Da diese Braunschweiger Machtprobe in Klingemanns Oeuvre die einzige Gegenszene zu den umringenden Schellenträgern ist, habe ich nun doch auf eine Braunschweiger Sehenswürdigkeit ersten Ranges aufmerksam zu machen, die ausführlich schon 1789 in Ribbentrops »Beschreibung der Stadt Braunschweig« vorgestellt wird. Es ist dies die Gruppe lebensgroßer Statuen am Altstadtrathaus, Braunschweiger Herzöge sowie deutscher Könige und Kaiser, die in einem rechten Winkel um den Betrachter postiert sind und als charakteristische Tracht den sogenannten Dusing, eine Schellenkleidung tragen. Ribbentrop (Bd. 1, S. 208-214):
»An den 9 Pfeilern der Bogenlauben sind Nischen, worin in Stein ausgehauene Statüen von 5 bis 6 Fuß in der Höhe stehen. Auf dem ersten Pfeiler gegen die Martinikirche ist die Statüe Kaiser Heinrich des Finklers, in langer Kleidung, über der linken Schulter gegen die rechte hängt ein Gürtel oder Schnur, woran Schellen sind ... Am zweiten Pfeiler Otto I. ... Hat eine gedoppelte Schnur mit Schellen um den Hals, welche auf die Brust herabhängt ... Am fünften Pfeiler im Winkel, Kaiser Lotharius ...Am siebten Pfeiler Heinrich der Löwe ... Deßen Gemalin ... Alle Figuren haben ... Gürtel und Umhänge, woran Schellen hängen. Man nannte diese Gürtel in der alten Sprache Dusinge, Duchsinge ...

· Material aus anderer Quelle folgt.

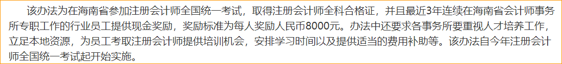 福利:取得注冊會計師全科合格證,并且最近3年連續(xù)在海南省會計師事務(wù)所專職工作的行業(yè)員工提供現(xiàn)金獎勵,獎勵標準為每人獎勵人民幣8000元。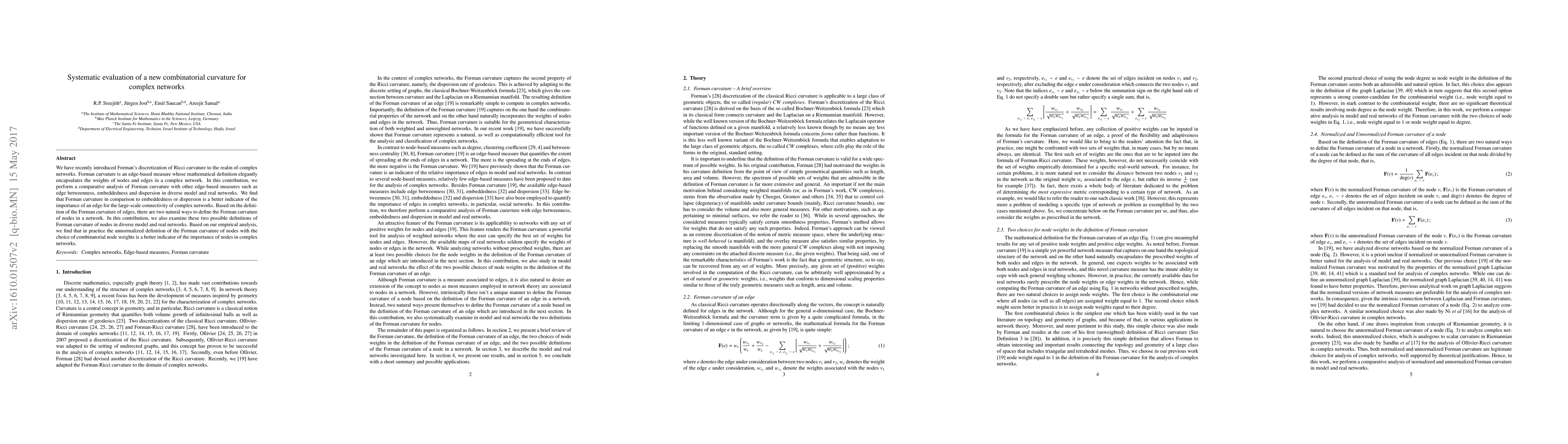 A new method for measuring curvature in complex networks called Forman's discretization was found to be a better indicator of an edge's importance than other measures in this study. The unnormalized version of the node-based Forman curvature also showed promise as a measure of node importance.

Dus, Thys hies ein Klang ... Sie war Anfangs eine Tragt der Großen, welche dadurch ihre Ankunft und Gegenwart zu erkennen geben wollten, und daß Geringere ausweichen sollten ...«
Auch Klingemann geht in »Kunst und Natur« einmal auf das Rathaus mit den 17 Figuren ein: »Der gothische Bau ... ist besonders merkwürdig durch die in den Blenden der verschiedenen Mauerbogen angebrachten steinernen Bildsäulen ... Das Costum dieser, an sich steif und geschmacklos ausgeführten Figuren« zeichne sich dadurch besonders aus, daß sich »überall der Schellengürtel (sogenannte Dusing) dabei vorfindet«; und er macht einige kunsthistorische Anmerkungen zu dieser ursprünglich wohl »morgenländischen« Mode (a.a.O., Bd. 2, S. 448).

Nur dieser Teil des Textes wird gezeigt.